Konflikt pomiędzy Magdaleną Stępień a jej byłym partnerem Jakubem Rzeźniczakiem

źródło: google

źródło: google

Magdalena zarzuca swojemu byłemu partnerowi, ojcu dziecka, że nie może liczyć na jego wsparcie w leczeniu chłopca. Kilka dni temu na jednym z portali pod zdjęciem pewna internautka wytknęła piłkarzowi, że w obecnej sytuacji nosi pasek Louis Vuitton, który kosztuje około 3 tys. złotych. Sportowiec szybko odpowiedział kobiecie, że chętnie podaruje je pasek jeżeli ta dołoży się do zbiórki na leczenie jego syna.

Magdalena w niedzielę w relacji na Instagramie wyznała, że jest zastraszana przez Jakuba. Mężczyzna nie życzy sobie by była partnerka skarżyła się na to, że 3 tysiące alimentów nie wystarcza na leczenie chłopca.

Moi drodzy, obecnie przebywamy w szpitalu. Właśnie zostajemy przyjęci na oddział na ostatnią chemię, która jest przewidziana na dzisiaj i jutro. Chciałam wam o czymś powiedzieć. O tym, że od wczoraj jestem zastraszana przez ojca mojego dziecka za to, że gdy ludzie do mnie piszą i pytają, dlaczego sama nie opłacę leczenia, to mówię im, że dostaję trzy tysiące złotych alimentów co miesiąc i z tego utrzymuję się tutaj w Izraelu, bo nie pracuję.

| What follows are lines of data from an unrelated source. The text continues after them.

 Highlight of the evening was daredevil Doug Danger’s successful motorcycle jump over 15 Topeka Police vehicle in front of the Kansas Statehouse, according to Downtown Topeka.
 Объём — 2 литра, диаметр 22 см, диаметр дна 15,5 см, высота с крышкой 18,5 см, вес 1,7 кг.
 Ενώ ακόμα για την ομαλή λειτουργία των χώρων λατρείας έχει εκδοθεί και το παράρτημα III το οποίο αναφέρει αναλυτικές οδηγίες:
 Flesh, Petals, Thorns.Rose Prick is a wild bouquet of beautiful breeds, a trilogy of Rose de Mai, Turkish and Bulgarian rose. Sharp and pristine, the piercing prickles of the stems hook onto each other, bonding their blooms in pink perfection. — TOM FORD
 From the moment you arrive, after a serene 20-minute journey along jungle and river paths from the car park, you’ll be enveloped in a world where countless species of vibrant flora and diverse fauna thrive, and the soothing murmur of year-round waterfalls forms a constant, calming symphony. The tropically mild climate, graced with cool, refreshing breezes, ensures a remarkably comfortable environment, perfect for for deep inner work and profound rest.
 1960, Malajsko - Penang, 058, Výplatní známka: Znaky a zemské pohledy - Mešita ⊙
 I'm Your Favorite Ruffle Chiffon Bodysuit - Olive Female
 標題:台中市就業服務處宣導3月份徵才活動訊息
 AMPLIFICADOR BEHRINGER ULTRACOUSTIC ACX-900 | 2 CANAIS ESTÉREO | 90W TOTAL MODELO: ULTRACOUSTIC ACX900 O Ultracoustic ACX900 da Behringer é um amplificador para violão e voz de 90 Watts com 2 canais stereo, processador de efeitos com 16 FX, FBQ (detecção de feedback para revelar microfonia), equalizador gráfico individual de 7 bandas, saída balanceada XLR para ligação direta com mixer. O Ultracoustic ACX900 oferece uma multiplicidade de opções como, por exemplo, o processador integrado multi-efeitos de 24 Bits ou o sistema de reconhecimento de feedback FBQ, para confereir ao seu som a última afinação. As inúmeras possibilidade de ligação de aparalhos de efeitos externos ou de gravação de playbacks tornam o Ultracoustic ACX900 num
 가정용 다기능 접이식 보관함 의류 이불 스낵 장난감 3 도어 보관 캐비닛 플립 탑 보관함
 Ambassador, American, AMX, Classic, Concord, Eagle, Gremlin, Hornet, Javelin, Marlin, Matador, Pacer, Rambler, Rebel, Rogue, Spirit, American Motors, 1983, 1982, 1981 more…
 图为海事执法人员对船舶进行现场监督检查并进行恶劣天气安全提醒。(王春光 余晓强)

Brak wsparcia na leczenie Oliwiera

źródło: Instagram/magdalena___stepien

źródło: Instagram/magdalena___stepien

Co więcej kobieta twierdzi, że ekspartner nie odpisuje na jej prośby i pytania odnośnie wsparcia finansowego ich syna. Kobieta żali się, że Jakub jedynie dostarcza jej dodatkowych problemów, kiedy ona jest i tak już przytłoczona całą tą sytuacją.

Każdy towarzyszący mi obecnie stres szkodzi również jemu, więc powiem wam, że już mam dosyć tego, dlatego postanowiłam nagrać to story i powiedzieć wam, jak wygląda sytuacja, w jakim stresie i lęku żyję. I w jakim stresie i lęku żyje również mój syn, podczas choroby nowotworowej.

Modelka zapowiedziała, że nie będzie odnosić się już publicznie na tematy związane ze zbiórką. Chce skupić się na walce o powrót syna do zdrowia i to jest teraz dla niej najważniejsze. Po pewnym czasie Magdalena usunęła emocjonujące wyznania ze swojego stories i dodała tylko, że nie chce dostawać już więcej zapytań o postawę jej byłego partnera.

Story usunęłam, bo dość już tej medialnej burzy, jak coś wstawiam […] Nie zadawajcie mi pytań o postawę ojca dziecka w sprawie zbiórki. O to, czy z alimentów nie mogę opłacić leczenia, bo nie mam zwyczajnie na to siły. Oliwier odczuwa każdy mój stres. Wy mi go ciągle dokładacie w wiadomościach, pytając mnie o takie rzeczy. To boli. Zbiórka jest założona przez portal Się Pomaga. wszystko jest zweryfikowane. Na każdą rzecz w leczeniu wystawiana jest faktura. Ja już wysiadam. Dziękuje za wparcie, ale zrozumcie też mnie, że ja już naprawdę nie mam siły.